The 25-year-old is now returning to his media career to sit on the judging panel of new gymnastics entertainment show 'Tumble' but Whitlock thinks he could live up to his word of coming back for the 2015 World Championships in Glasgow ahead of a possible Olympic return in Rio.
"It all depends on the make-up of the team but if he's posting massive scores - if anyone is scoring massive scores - then they deserve to be in the team," Whitlock said.
"It's very hard to have a long break, especially in gymnastics. The longer you have off, the longer it takes to get back into it. It will be a very hard job to do.
"But he's proved he can do it here. Pommel horse isn't the most demanding on the body so pommel horse is a good piece to do it on. He's proved he can bring it back, he's done a good routine but it's hard to say. We'll just have to wait and see."

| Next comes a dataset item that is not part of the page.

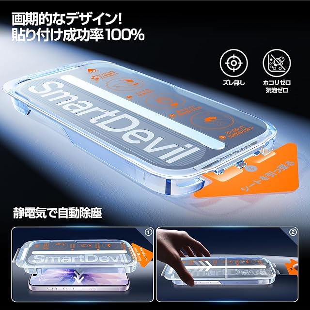 「画期的なガイド枠」SmartDevil いphone 17用 ガラスフィルム 貼り付け超簡単 0.3mm極薄 米軍MIL規格 落下保護 気泡ゼロ 覗き見防止 スムーズ 高感度タッチ 指紋防止 耐衝撃性 アイフォン 17用強化ガラス 2枚セット 1.超簡単に貼り付け:進化型ガイド枠でスマホの画面に被せてホコリ除去シートを引っ張ります。初心者でも完璧に貼り付けできます!ホコリ除去シートが自動的にホコリを吸着し、貼付け時の失敗が大幅に軽減され、より安心してご利用いただけます! 2.スマホケースと併用可能:SmartDevilのスマホ保護フィルムは、iphone 17のフルスクリーンに完璧にフィットします。100%スマホケースと干渉することなく、完全に対応しています。お客様のスマホ画面をしっかり守るできます! 商品の情報: 対応機種:iphone 17用 材料:9Hガラス 画面サイズ:6.3インチ 付属品:強化ガラスフィルム×2、進化型ガイド枠×1、取扱説明書×1 期間:365日間iphone 17 用 保護フィルム機能: 1.耐衝撃性と耐摩耗性 2.抜群な透明感 3.スムーズと高感度タッチ 4.撥水、防水、指紋防止、飛散防止 5.気泡ゼロ、ホコリゼロ、ズレセロ 6.貼り付け超簡単 Q&A: 1.上手く貼れるか心配ですが、こちら気泡が残りますか。気泡って入らないんですか。 気泡は残らない商品です。iphone 17 用 ガラスフィルムの貼り付けは、とても簡単にできます。気泡ができても慌てずにじっくりと指で押し出すだけで綺麗に貼れます。結論から言えば多少の気泡は後から擦って出せばよくそれでも多少は残りますが自然と出るようです。気泡ができた場合は指の腹でゆっくり押し出せば綺麗に抜けるので大丈夫ですよ。 2.初めて自分でガラスフィルムを貼ろうと思っているんですが、このiphone 17用 ガラスフィルムは初心者に向いているのでしょうか? 貼り付け簡単です。ガイド枠やクロスやアルコールパッド、ほこり取りシール等、十分なキットも付属品としてセットされておりました。説明書も日本語でわかりやすいです(貼り方の動画のQRコード付き)! 3.このいphone 17 用 ガラスフィルムが指紋(手垢)はどの程度残りますか? 初めのうちは全然気にならないくらい指紋はつきません。使っているうちに少しついてきますが乾拭きで消えるので問題ないです。よほど脂のついた指で触らない限り気にならないです

With Smith out of the limelight until at least next year, it could be 18-year-old Nile Wilson who steps up alongside fit-again Keatings, with the Leeds teenager proving he has what it takes to cut it at senior level after winning high bar gold alongside other impressive performances after only being crowned Junior European champion in May.
"It's getting stronger really quick and hopefully we can keep it up," Whitlock said of Great Britain's strength. "London 2012, that was our first team medal in 100 years and that was really unexpected. It's a big target of ours at the World Championships and it will be a really hard job to get a team medal but that's what we're pushing towards and it's one of our targets, it has to be.
"Our gymnastics is improving and hopefully we will improve as a team, but we will have to wait and see."